What is required:
Work through the listing below and give again exactly the lines from the one with "李晓明工笔花鸟画白描底稿葡萄" to the one with "Le SdQ organise", both ends included. All other lines and all pictures stay out.

[Data records — start]

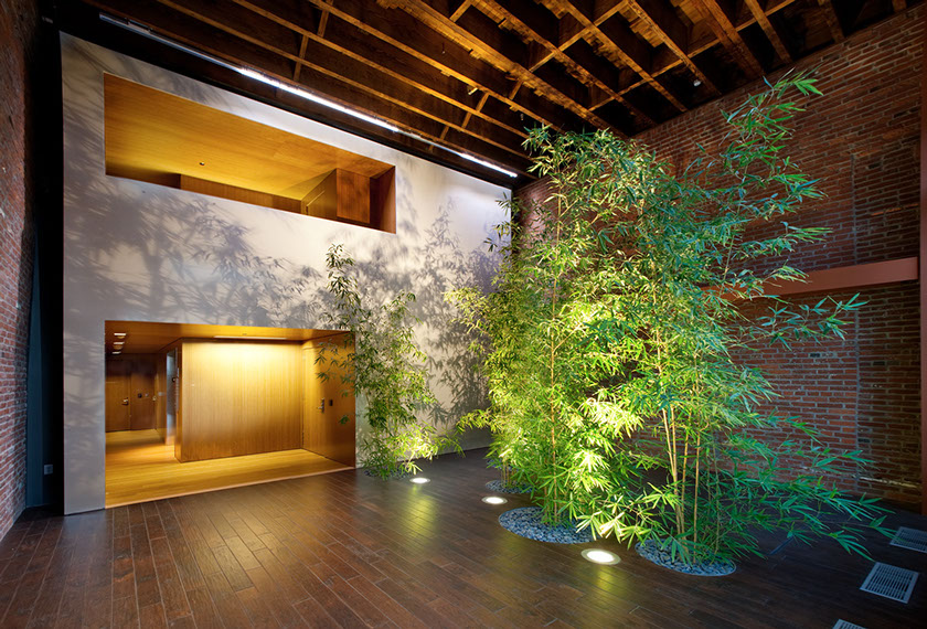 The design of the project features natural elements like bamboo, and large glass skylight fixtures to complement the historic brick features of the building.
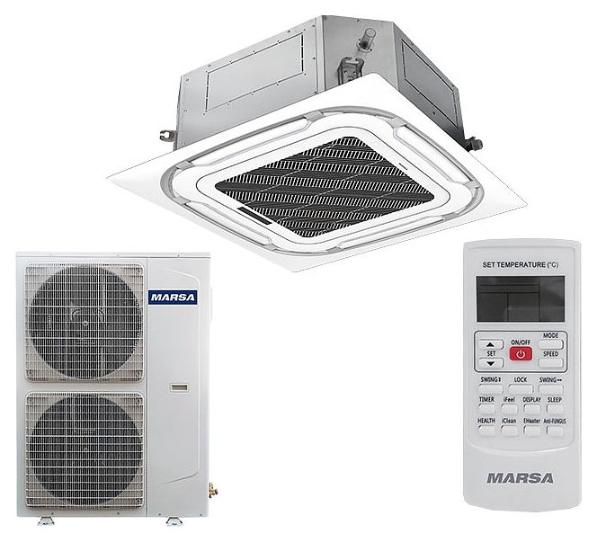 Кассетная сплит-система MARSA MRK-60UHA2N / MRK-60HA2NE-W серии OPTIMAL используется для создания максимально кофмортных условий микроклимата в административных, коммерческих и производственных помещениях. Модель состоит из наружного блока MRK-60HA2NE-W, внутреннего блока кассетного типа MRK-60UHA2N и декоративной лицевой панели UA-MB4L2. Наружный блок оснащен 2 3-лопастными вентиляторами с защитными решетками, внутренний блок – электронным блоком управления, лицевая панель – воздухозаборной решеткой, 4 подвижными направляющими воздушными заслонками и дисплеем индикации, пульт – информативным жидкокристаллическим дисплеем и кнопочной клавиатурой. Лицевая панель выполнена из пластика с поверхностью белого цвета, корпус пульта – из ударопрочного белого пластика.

[Data records — finish]
[Data records — start]

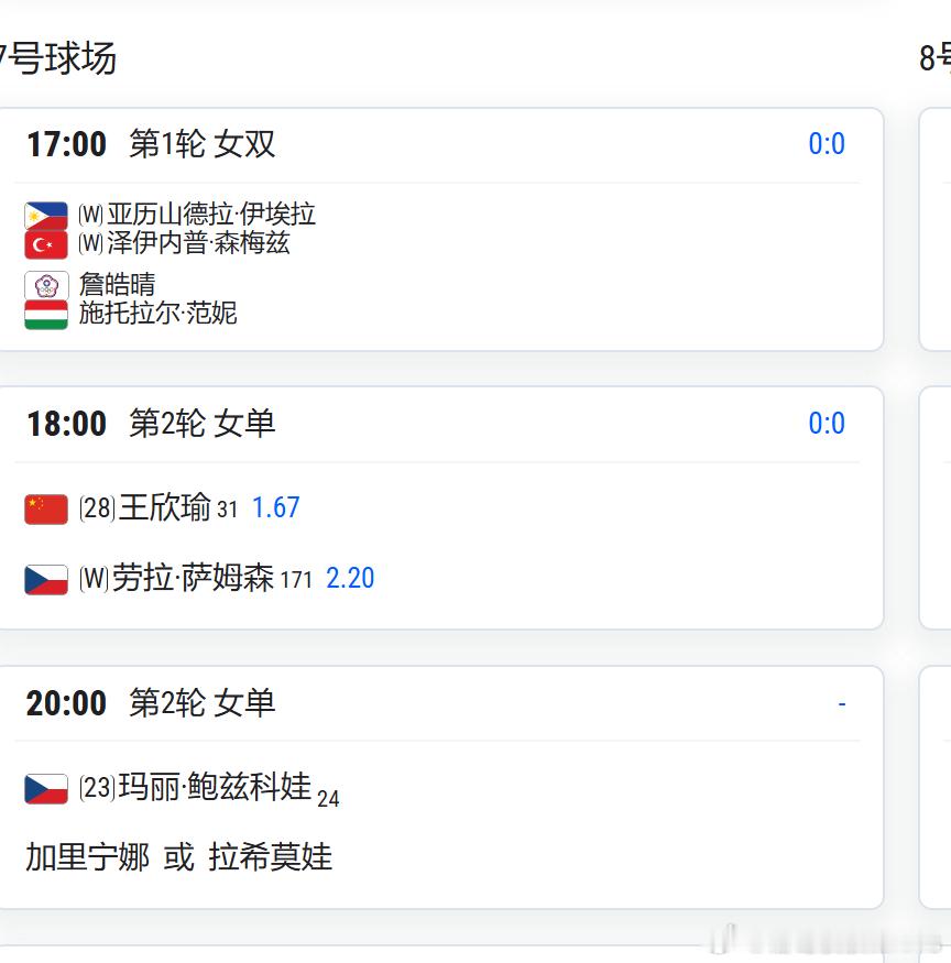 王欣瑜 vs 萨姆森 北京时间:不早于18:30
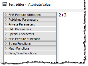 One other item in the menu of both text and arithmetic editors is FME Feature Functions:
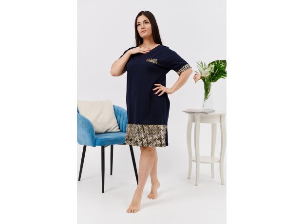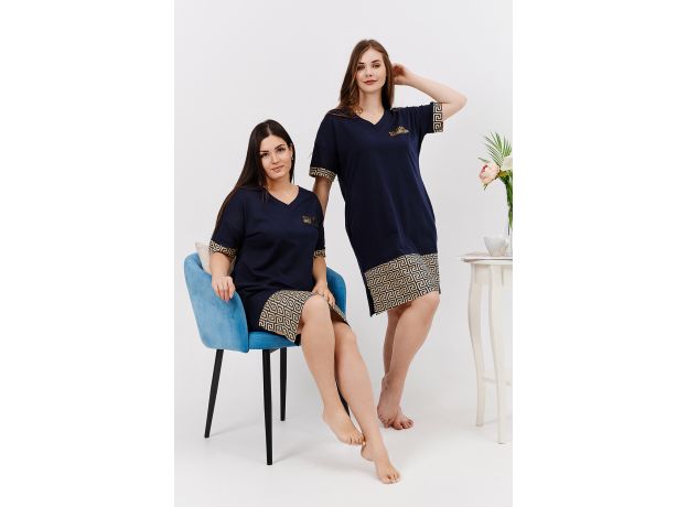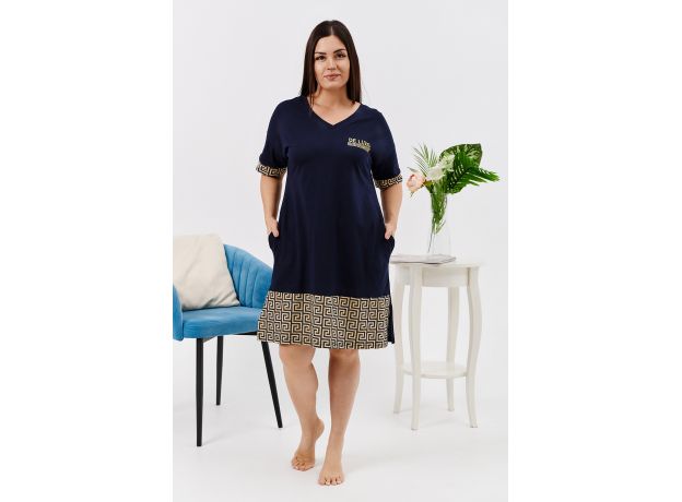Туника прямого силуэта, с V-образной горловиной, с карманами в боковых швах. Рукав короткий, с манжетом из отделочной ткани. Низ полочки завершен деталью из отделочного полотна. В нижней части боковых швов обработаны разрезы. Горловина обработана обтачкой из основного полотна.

[Data records — finish]
[Data records — start]

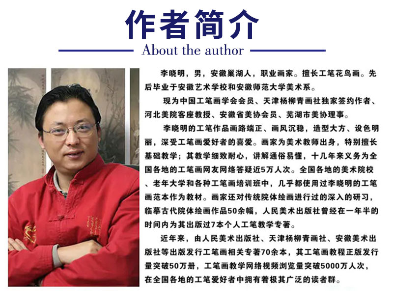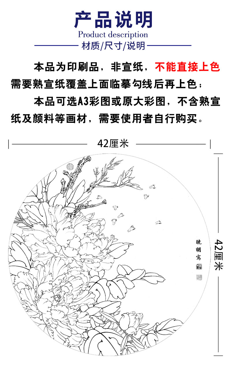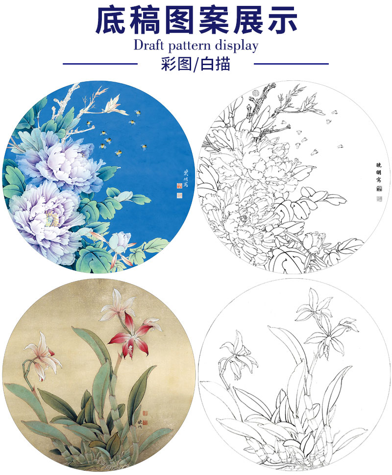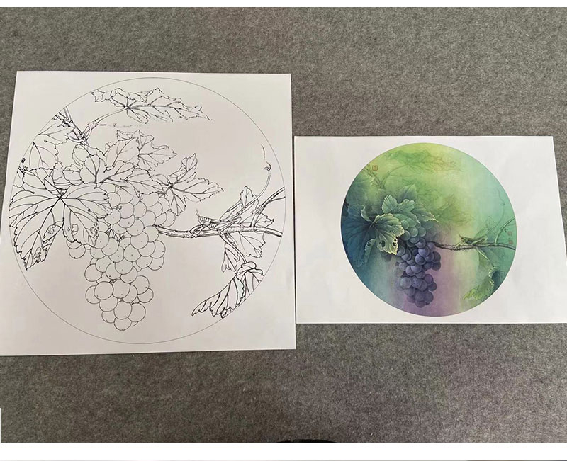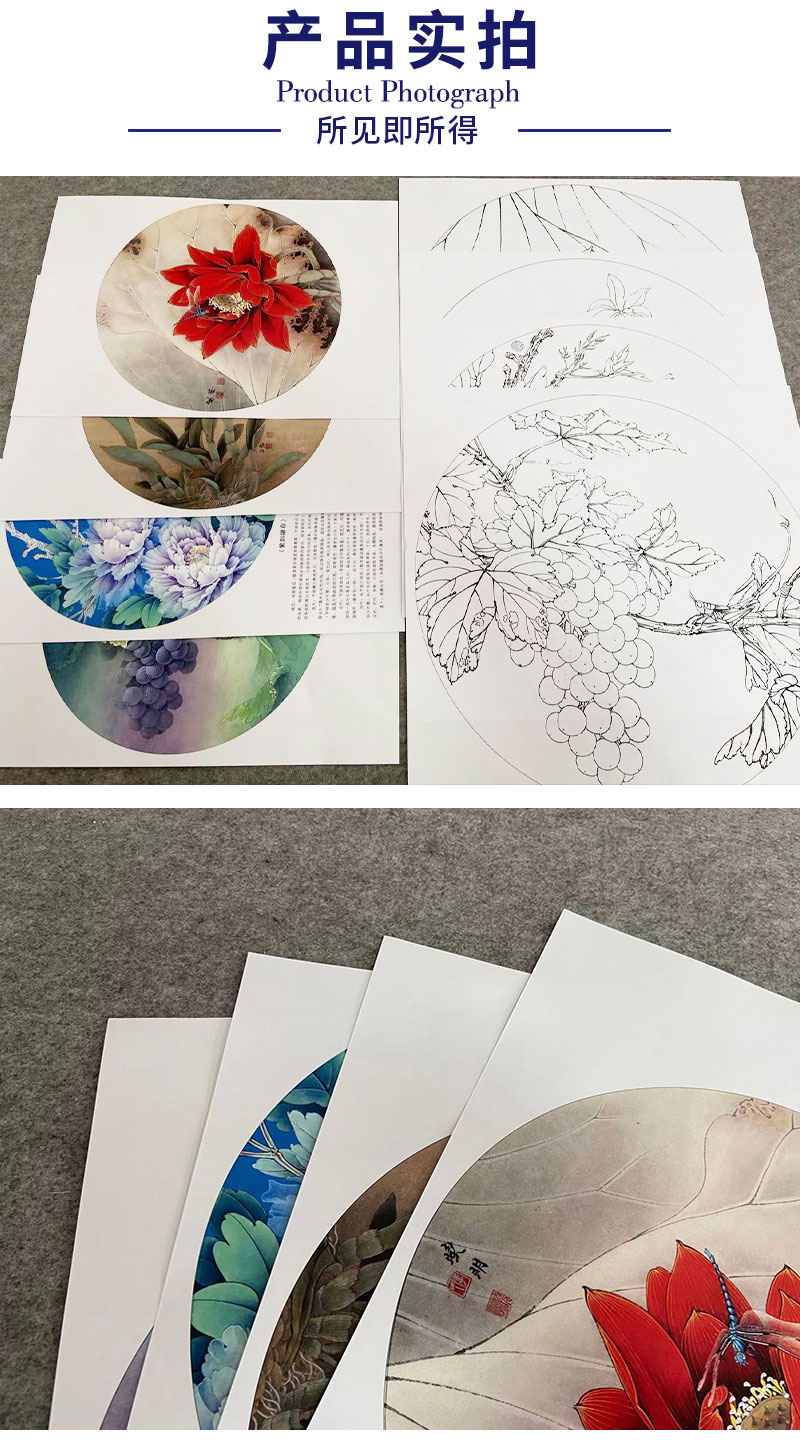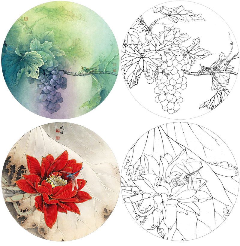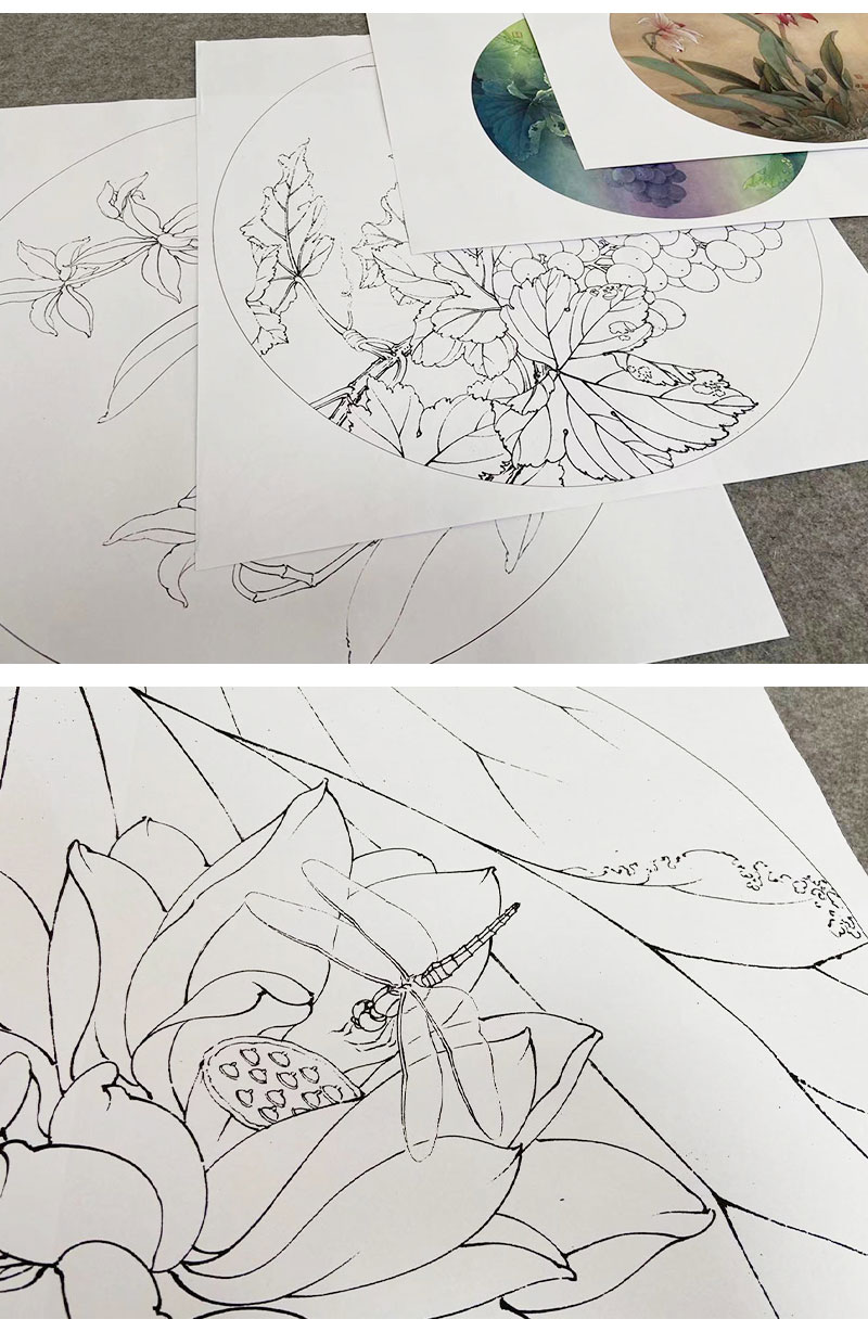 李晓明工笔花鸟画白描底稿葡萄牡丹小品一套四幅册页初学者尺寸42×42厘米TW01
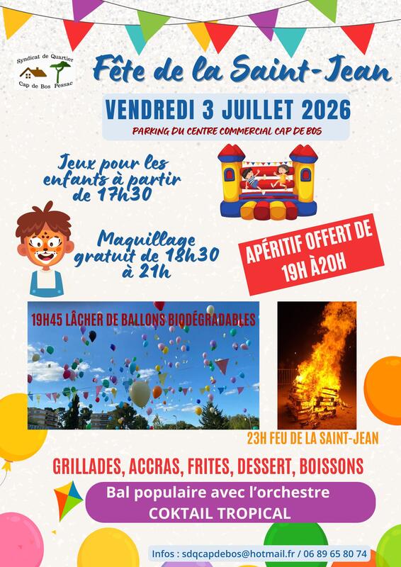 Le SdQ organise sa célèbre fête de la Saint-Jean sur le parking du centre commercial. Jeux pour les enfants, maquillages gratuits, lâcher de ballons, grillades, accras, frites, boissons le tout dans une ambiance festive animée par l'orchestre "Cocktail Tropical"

[Data records — finish]

Solution:
 李晓明工笔花鸟画白描底稿葡萄牡丹小品一套四幅册页初学者尺寸42×42厘米TW01
 Le SdQ organise sa célèbre fête de la Saint-Jean sur le parking du centre commercial. Jeux pour les enfants, maquillages gratuits, lâcher de ballons, grillades, accras, frites, boissons le tout dans une ambiance festive animée par l'orchestre "Cocktail Tropical"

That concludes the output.